J&J unveils top pipeline prospects, with main focus on cancer

Johnson & Johnson has shone the spotlight on the most promising drugs in its pipeline, saying it plans to file 10 major drugs between now and 2023. The plans were among a day-long business review, which detailed the latest prospects being developed by Johnson & Johnson’s pharma unit, Janssen. Included on the list are the company’s two big approvals this year – Spravato (esketamine) nasal spray for treatment-resistant depression, and Balversa (erdafitinib). Among the six cancer drugs on the list is the PARP drug niraparib, originally developed by Tesaro, but acquired by GlaxoSmithKline and already approved in breast cancer.
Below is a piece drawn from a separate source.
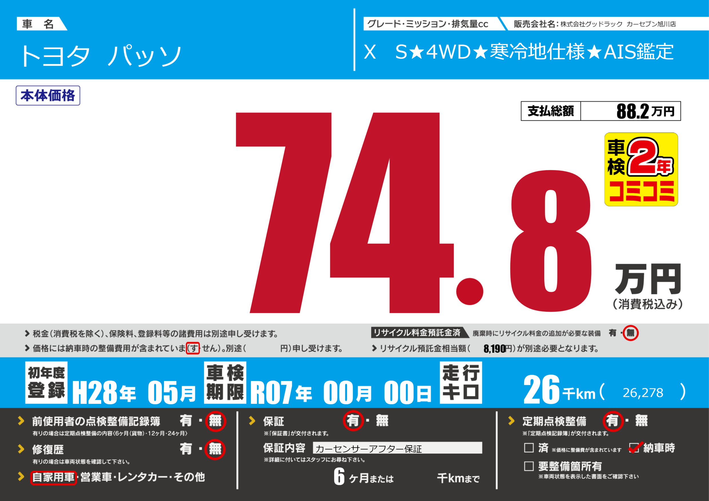 | 車名 | トヨタ パッソ | グレード ミッション 排気量 |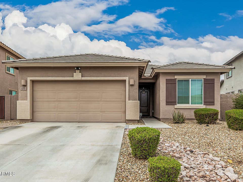 Welcome to this charming home in the desirable Blue Horizons! Providing 3 beds, 2 baths, 2-car garage, & a well-manicured landscape. The interior exudes refined style with tons of natural light, a neutral palette, modern light fixtures, tall ceilings, and wood-look tile flooring throughout. You'll love the seamlessly open layout, allowing a greater traffic flow! The impressive kitchen boasts black SS appliances w/wine cooler, quartz counters, gray shaker cabinetry, a pantry, and a 2-tier peninsula w/breakfast bar. The primary bedroom has sliding doors to the back and an ensuite with dual sinks & a walk-in closet. If you want to relax or have a fun gathering, the spacious backyard awaits! A cozy covered patio, multiple seating areas, and artificial turf complete the picture. Make it yours!

The two big pharmas are now developing the drug jointly in prostate cancer as a result of a collaboration agreement between Tesaro and J&J signed in April 2016 before the GSK buyout early this year. J&J also has its own CAR-T therapy – JNJ-4528 targets BCMA, which has sprung from a partnership with China’s Legend Biotech signed in December 2017. The European Medicines Agency last month designated the drug as a “priority medicine” (PRIME), meaning the regulator will fast track it through clinical development and grant a fast review if clinical data looks strong enough. Also in cancer there is lazertinib, an EGFR tyrosine-kinase inhibitor in development for non-small cell lung cancer.